# Help glueing up warped wood



## lnjustin (Aug 29, 2016)

I’ve reclaimed some cedar wood from my grandmother’s hope chest to build a jewelry box for my mom. I’ve prepared the dovetail joints and am ready for the glue up.







The challenge is that the wood, being that it is reclaimed from an old chest, is not perfectly flat. It’s slightly warped. I think it will pull in ok on the glue up. But I am scared that in doing so I might stress the wood too much and crack it. Are there any steps I can take to reduce the stress on the wood, make the wood more flexible, or otherwise reduce the chances of the wood cracking when clamped for the glue up? I’ve read about wetting or heating wood for bending but not sure if that applies in this context.


----------



## woodnthings (Jan 24, 2009)

You will find out when/if it cracks during the glue up. It may be just fine, but a lot depends on how much warp there is. No way to "condition" it that I know of. Wood is flexible to some extent, so just dry fit it first, if that's even feasable with those dovetails? Even if it does finall crack, you can always fill a small gap with glue or epoxy after the fact.


----------



## monkey paw (Apr 15, 2021)

I'm not to sure on steps you could take now that it is ready for glue up. I work with a lot of reclaimed wood. The first steps I always do is run the material through a jointer and thickness planer.
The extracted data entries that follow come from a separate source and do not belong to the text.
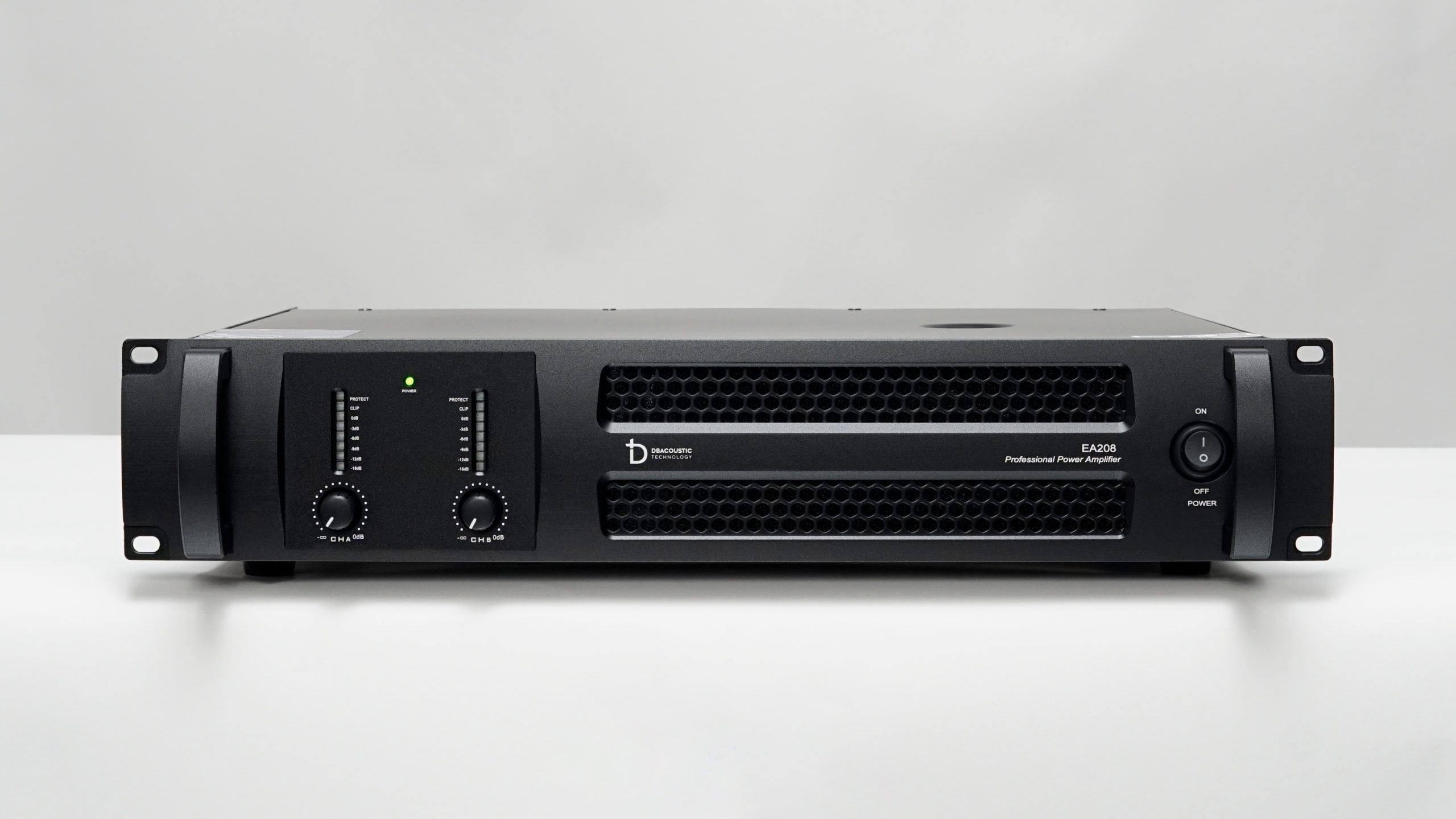 EA208 có thiết kế 2U nhỏ gọn, kích thước 482 x 366 x 90 mm, phù hợp mọi tủ rack tiêu chuẩn. Tone đen chủ đạo kết hợp mặt trước nhôm phay sang trọng cùng hệ thống LED hiển thị trạng thái (Signal, Clip, Protect) giúp kiểm soát hoạt động dễ dàng.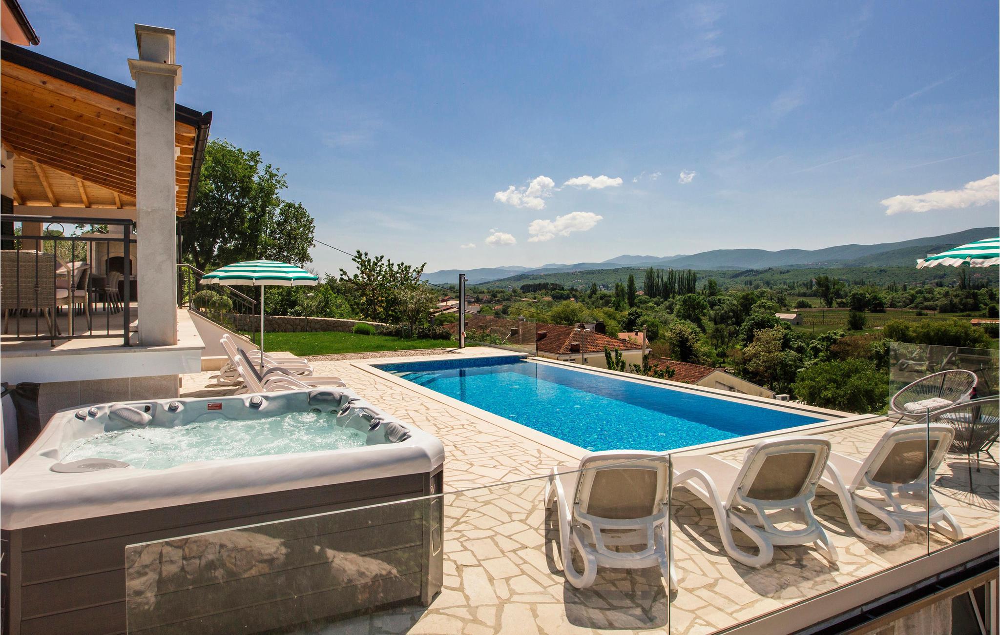 Dieses hervorragend ausgestattete Ferienhaus mit Pool liegt im Landesinneren Dalmatiens, unweit der Makarska Riviera. Es bietet viel Platz, auch für größere Gruppen. Hier wird jeder Gast gemütliche Ecken zum Entspannen, aber auch zum Beisammensein finden. Vor dem Ferienhaus befindet sich eine große überdachte Terrasse mit Grill für gemütliche Grillabende. Hier können Sie wunderbar gemeinsam essen oder den Tag bei einem Glas Wein ausklingen lassen. Neben der Terrasse finden Sie den Kinderspielplatz für die Jüngsten. Erfrischung an warmen Sommertagen finden Sie im attraktiven beheizten Pool vor dem Ferienhaus, daneben befindet sich ein Whirlpool zum Entspannen mit herrlichem Blick auf die umliegenden Felder und Berge. Hinter dem Ferienhaus befindet sich auch ein multifunktionaler Spielplatz für Kleinfeldfußball, Basketball und Badminton. Fahrräder stehen zur Verfügung, so können Sie die Umgebung erkunden. Genießen Sie die schöne Landschaft dieser Region und entdecken Sie die schönen Kiesstrände an der Makarska Riviera.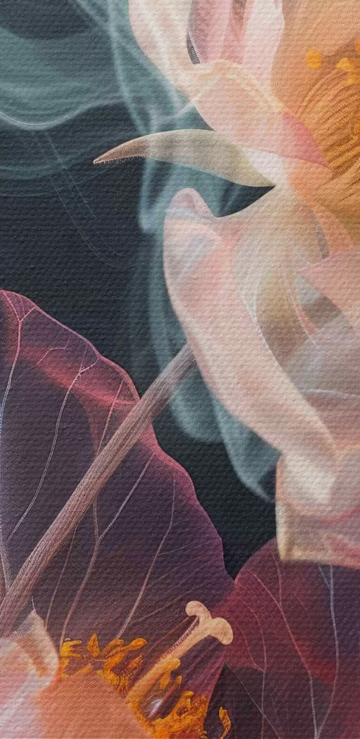 Trois types de matériaux peuvent être commandés : Economic Canvas - matériau dense et durable pour l'impression numérique, identique à la toile de peintre, surface imperméable, reproduction réaliste des détails, matériau à grain moyen. Premium Canvas - la texture ressemble à celle d'une toile de peintre (petits fils entrelacés). Reproduction douce et détaillée de l'image sur une surface mate. Eco-Premium - tissu 100 % coton de haute qualité. Grâce aux fibres naturelles de coton, le matériau est durable et résistant à l'usure. Excellente reproduction des couleurs et des détails.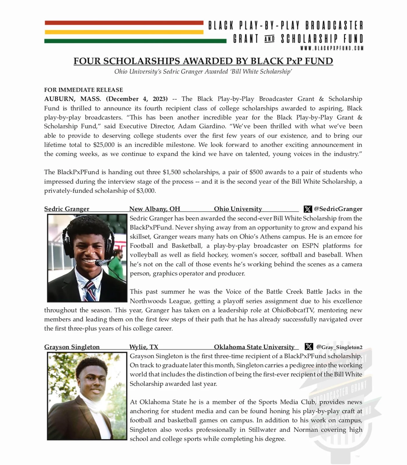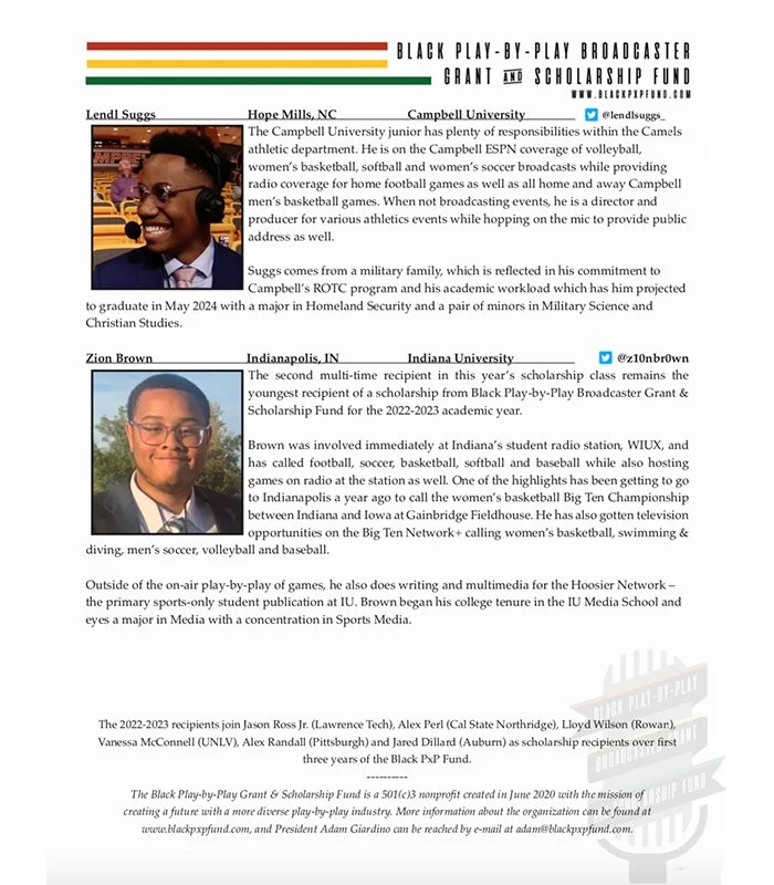 Before ever getting a job in play-by-play broadcasting, it is essential to develop a passion for the craft. The drive to push yourself to get better is imperative, but so is the encouragement and guidance of others. It is through this prism that The Black Play-by-Play Grant & Scholarship Fund wants to identify and support aspiring Black broadcasters while they are still in school.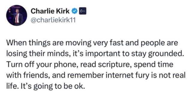 The anger, grief and sheer heartbreak over the murder of Charlie Kirk come at us in waves that threaten to overpower us.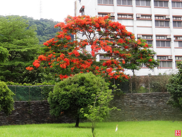原住民文化主題公園內茵茵綠草,六月鳳凰花開,蟬聲嘶鳴,白鷺鷥輕盈地飛翔在水池與草地上。 102.6.22 天氣:晴朗炎熱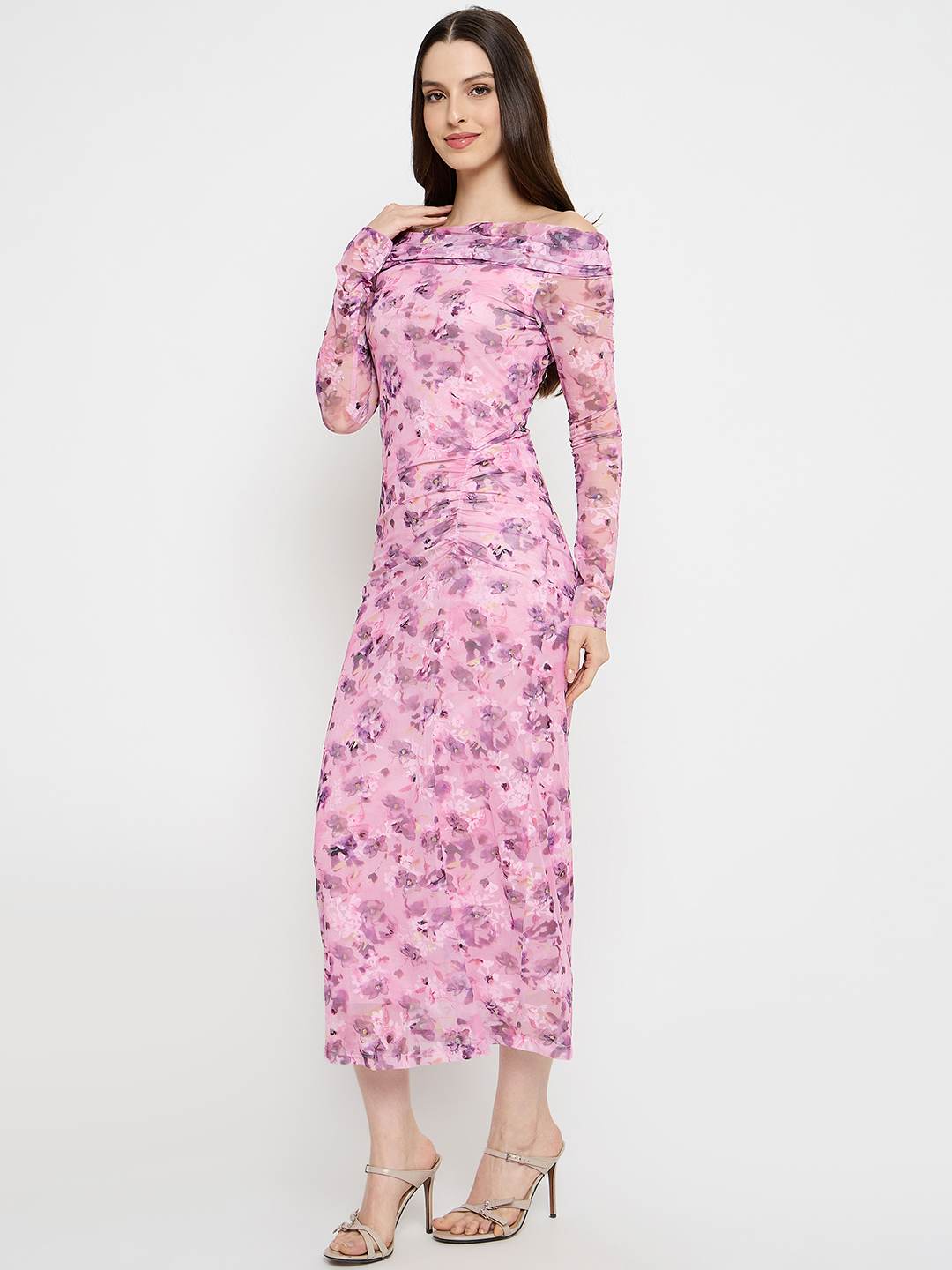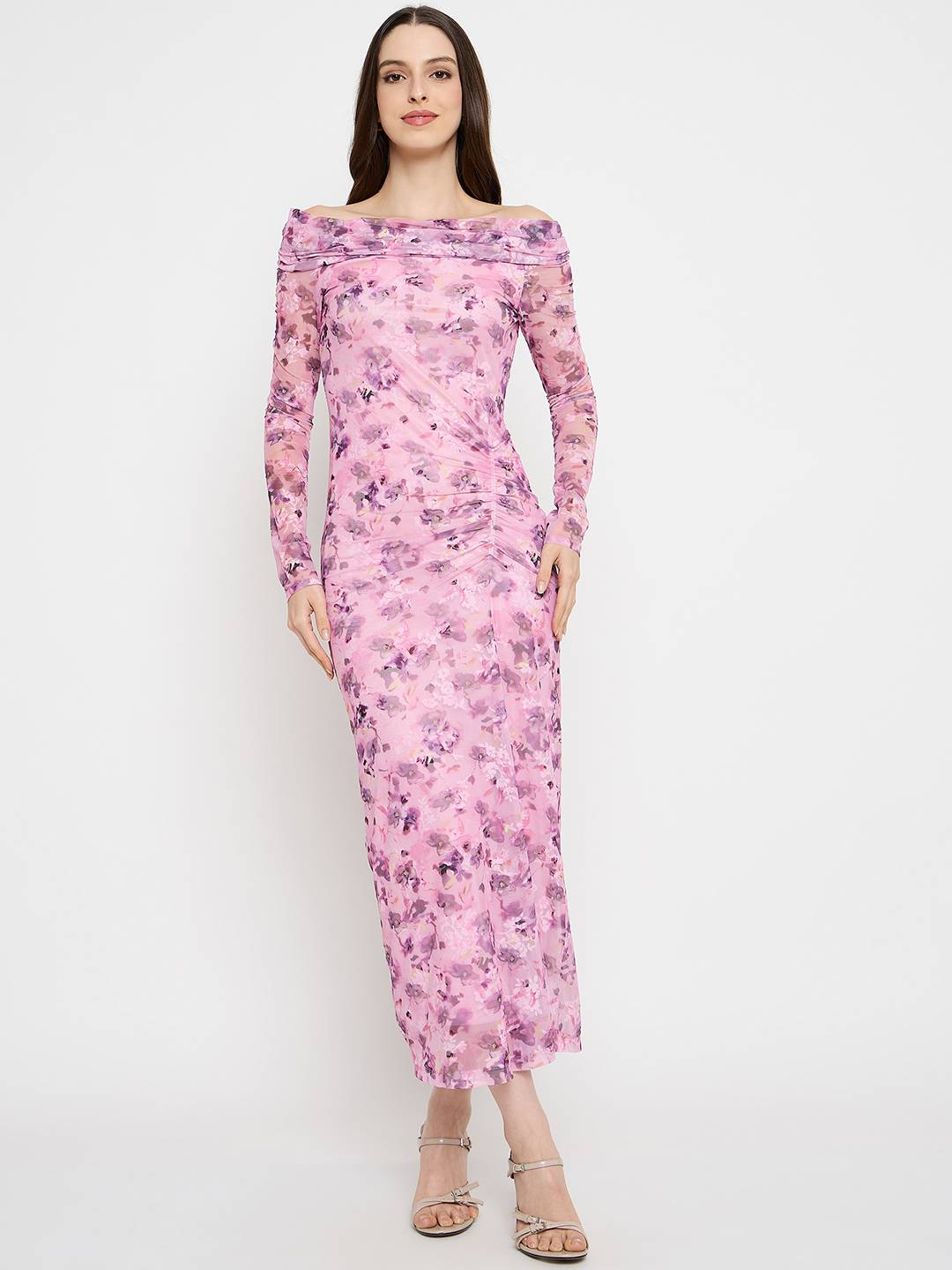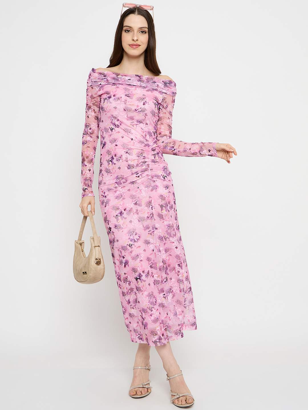 Madame Floral Print Off Shoulder Pink Maxi Dress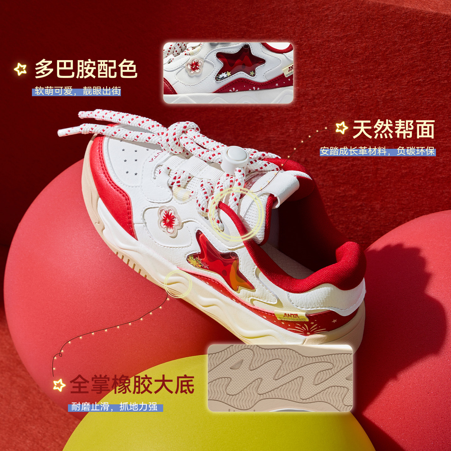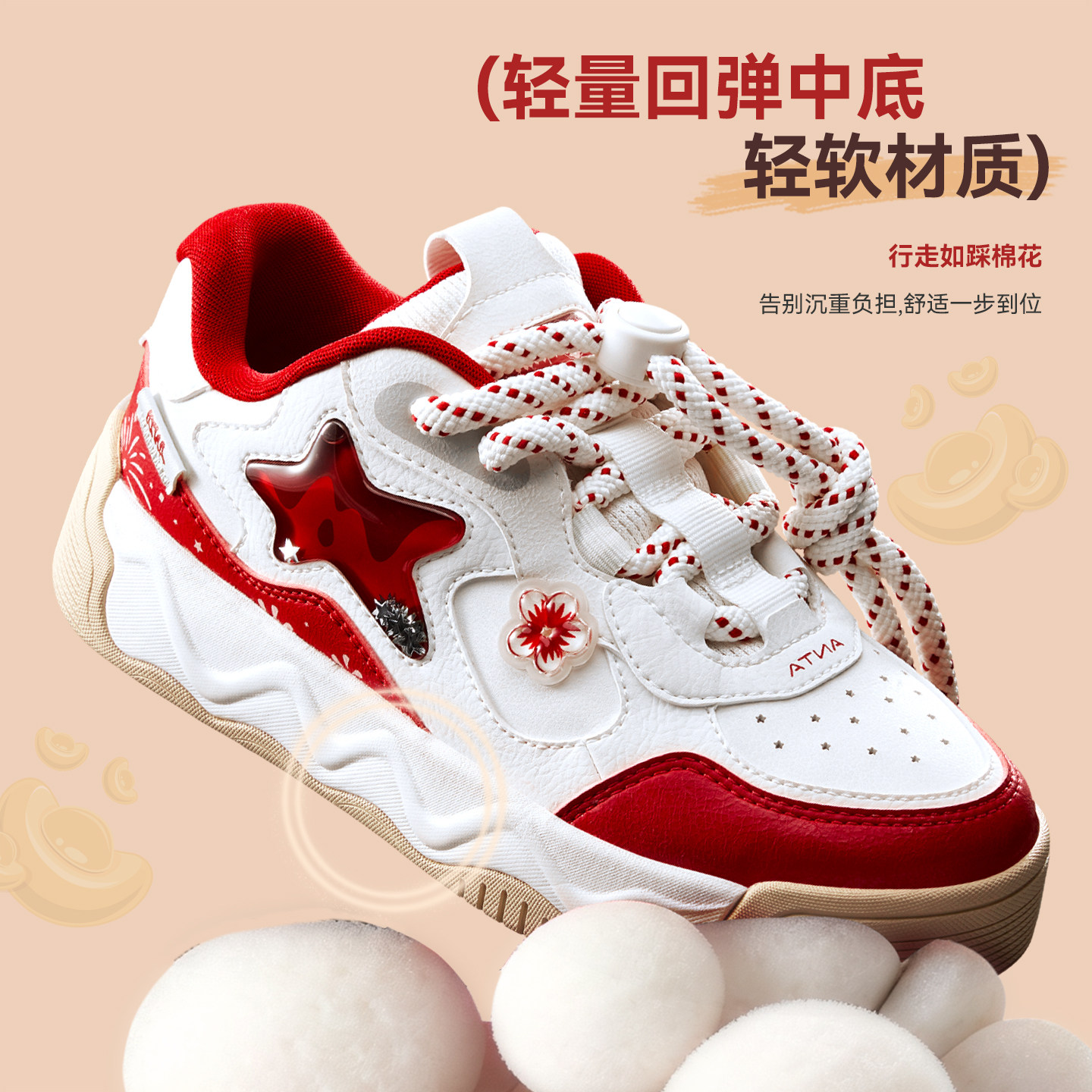 奶昔2丨安踏儿童运动鞋女童鞋26新年限定红色低帮板鞋潮流小白鞋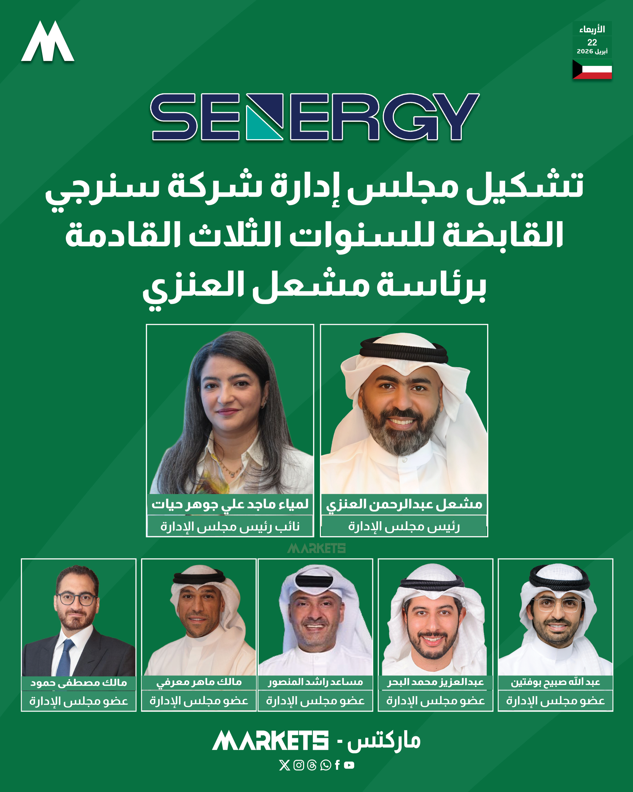 أعلنت شركة سنرجي القابضة تشكيل مجلس الإدارة للثلاث سنوات القادمة ، برئاسة مشعل عبدالرحمن العنزي ، وذلك بناءً على اجتماع الجمعية العمومية العادية للشركة بتاريخ 21 أبريل 2026 ، والتي تم من خلالها انتخاب مجلس إدارة جديد .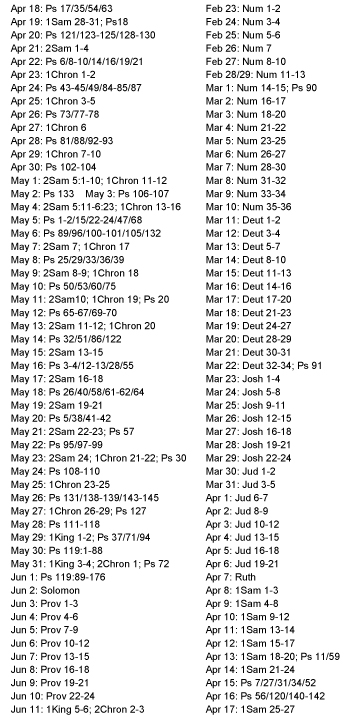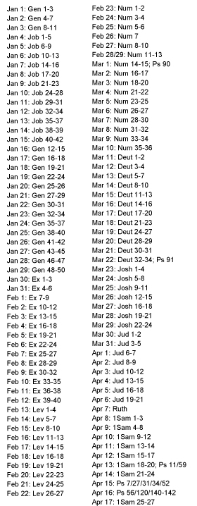 NARRATIVE - Read one chapter a day (mornings only) to read chronologically through the entire narrative or storyline of the Bible. The program follows chronological order through Genesis, Exodus, etc., Joshua, Judges, Samuel, Kings, etc., Gospels and Acts. A link to a .pdf with all the scripture references is here.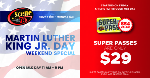 Scene75 will be open on Martin Luther King Jr. Day from 11AM – 9PM! We will also be offering a discount on our best deal- our Superpass package! This package will be sold at $29!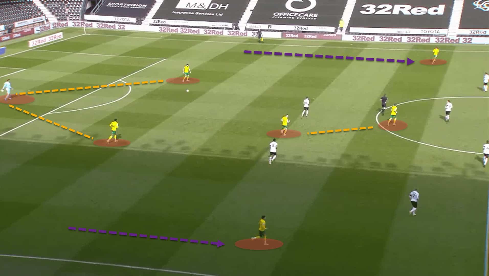 The Canaries always looked to build out from the goalkeeper and play their way through the thirds of the pitch using quick passing on the floor. Norwich had plenty of width, depth and central occupation between the opponent’s lines.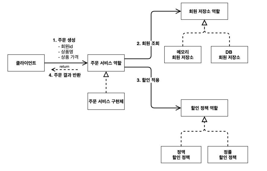 • 클라이언트는 대상의 역할(인터페이스)만 알면 된다.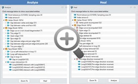2015 버전의 “복구/분석”기능은 사용자가 좀 더 정확하게 CAD상의 위상 오류를 감지하고 수정할 수 있게 해주며, 아래와 같은 변경사항들을 체크할 수 있습니다.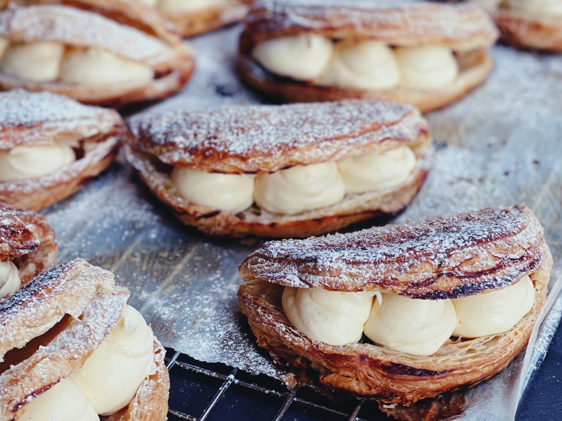 Thick vanilla custard sandwiched between crisp puff pastry and topped with tart passionfruit glaze.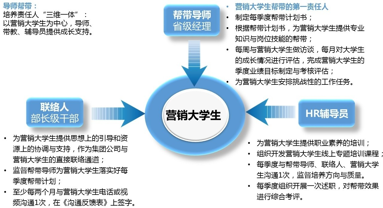 根据公司能者上、庸者下、平者让,不论资排辈,给年轻人机会的用人理念,营销将才作为全国销售市场星级省级经理储备军,由集团、销售公司、市场“三方培养、定期跟踪”,省级市场总经理负责帮带,销售公司总经理、人力资源部部长等集团高管长期联络与关注!目标是3年时间培养成为优秀区域经理,5年后成长为新星省级经理!

Before I got those machines I would use my router table as a jointer hand planes.


----------



## difalkner (Nov 27, 2011)

Do a dry fit before you put glue on the joints. That will give you a better feel for how it's going to react.


----------



## Tool Agnostic (Aug 13, 2017)

difalkner said:


> Do a dry fit before you put glue on the joints. That will give you a better feel for how it's going to react.


That's good advice.

I was taught that you should do a dry fit every time before a glue-up. I always do it.


----------